Sunday, July 8, 2018

water - Are there any other elements that get less dense in their solid state?


I was learning about how water, because of its hydrogen bonds, actually gets less dense as it goes into its solid state - I was just wondering, what other elements do this? Are they similar to water?



P.S. I want to make sure that I understand why ice is less dense than water in its liquid state, so please correct me if I am wrong.


In water, the hydrogen bonds have the ability to move around and bounce with other hydrogen bonds. They also have the ability to break and reform. Their ability to move around and bounce around allow them to be more 'closely knit'. But, as they get cooler, they, the molecules, loose their kinetic energy and thus stop moving around and become more framed and rigid. They loose the ability to come closely together. And thus, ice is less dense.

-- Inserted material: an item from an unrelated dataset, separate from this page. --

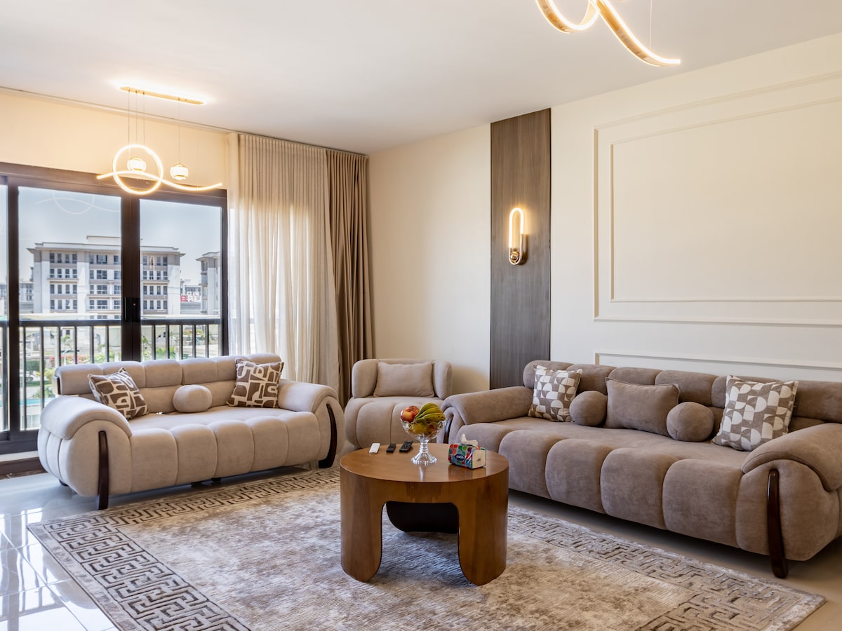 Welcome to your dream penthouse in the heart of New Cairo. This 3BR gem offers panoramic rooftop views, a private firepit/grill lounge, chic interiors, and ultra-comfy beds. Steps from AUC, Point 90 & Downtown Mall, you’re surrounded by cafes, restaurants, and everything you need. Whether you're here to relax, work, or explore — this spot delivers a rare blend of luxury, privacy, and location.

What I don't understand also, is why making water cold makes the hydrogen bonds spread out. Why don't they just freeze in the position they are in, instead of spreading out?



Answer



Your terminology is a little off: water isn't an element.

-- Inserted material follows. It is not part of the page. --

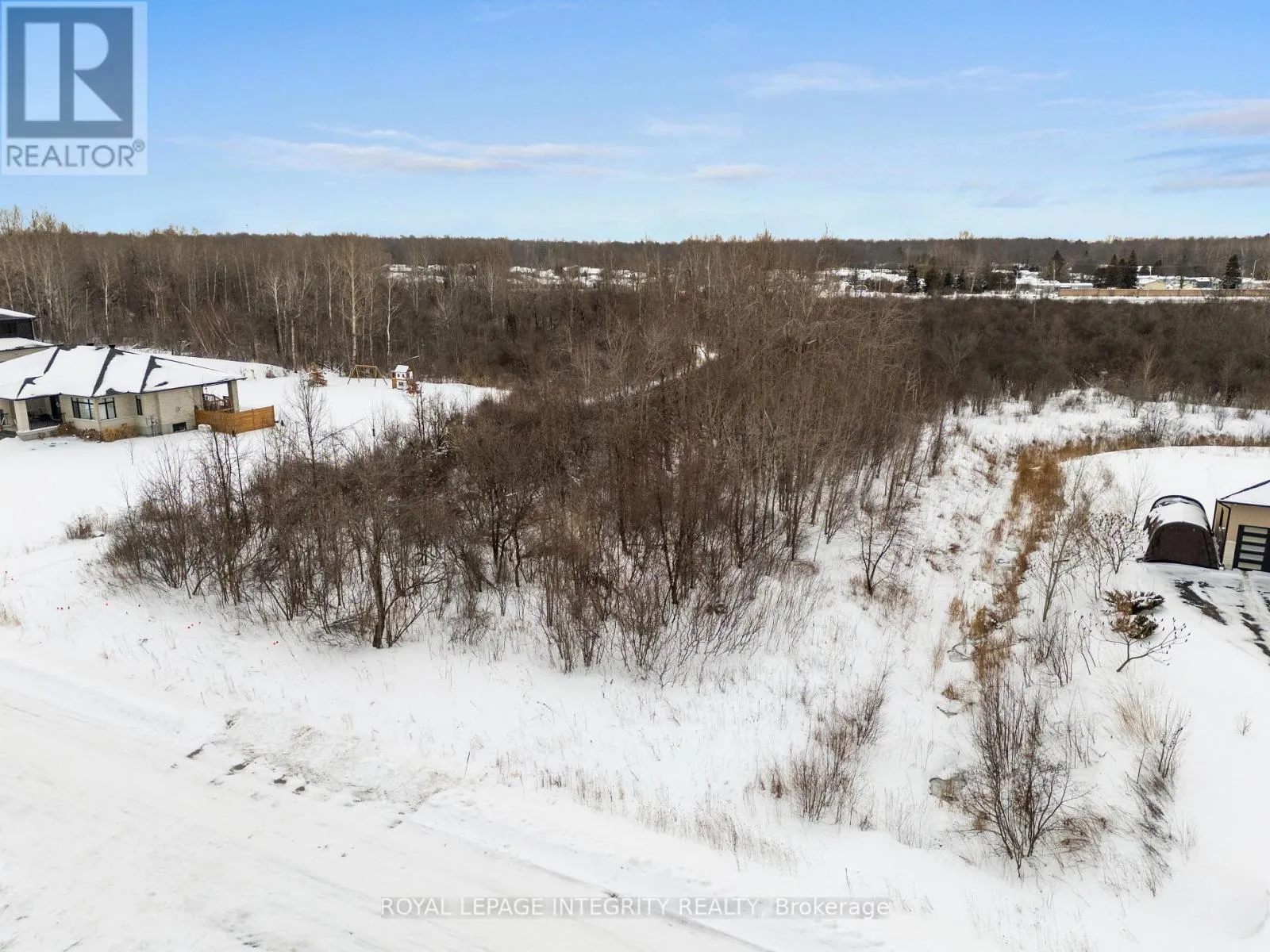 Mitch Owens east to Albion, left on Killymoon Way, Right on Ballycastle. Don't miss this rare opportunity to build in a prestigious enclave offering privacy, space, and long-term value! This exceptional vacant lot measures approximately 153.37 ft x 238.92 ft, representing about 0.84 acres, and features a highly desirable north-south orientation. With no rear neighbour and city-owned conservation land directly behind, the setting provides an added layer of natural privacy that is increasingly difficult to find. Located in a quiet, established neighbourhood of long-term homeowners, the property benefits from proven drainage and hard rock conditions, which may help support lower foundation costs compared to less established sites. The lot's orientation allows for excellent natural light throughout the day while minimizing west-facing heat, making it particularly well suited for an energy-efficient custom home design. The property offers municipal road frontage and, while not currently serviced, is considered serviceable, providing greater certainty than raw rural land. The lot is residentially zoned with no known restrictions, offering incredible flexibility for future plans. Buyers are advised to verify zoning, servicing, and building requirements to their own satisfaction. Plans and professional renderings are available upon request, providing a strong starting point for envisioning the potential of this remarkable site. Convenient access to Bowesville LRT and future transit expansion further enhances long-term value and connectivity, making this an outstanding opportunity for those looking to build in a sought-after and forward-looking location. Book your private showing today! (id:27476)

There isn't really a simple single explanation of why some solids are less dense than their associated liquids. The general explanation (which doesn't really explain much) is that the solid has a structure and, sometimes, that structure takes us more space than the average structure that occurs in the liquid.


In water, ice has a definite structure where each oxygen sits at the approximate centre of a tetrahedron with two bonds to hydrogen and two hydrogen bonds to the hydrogens of other water molecules. In liquid water the structure is far more fluid and averages out to be slightly more dense that the (more ordered) solid. Exactly why this is true in this case requires a lot more than could fit into an answer here. If water was frozen extremely quickly you might be able to freeze the structure in the liquid; normal cooling allows enough time for the bonding to become more organised.


But the phenomenon isn't unique to water, though the specifics will be very different for other substances. Among elements Gallium, for example, also expands on freezing (don't store it in glass bottles: see this other answer here).


Other examples of elements are germanium and silicon. Acetic acid also forms a less dense solid. In all cases the substances form a relatively ordered crystal structure which just happens to be less dense than the (less ordered) liquid phases.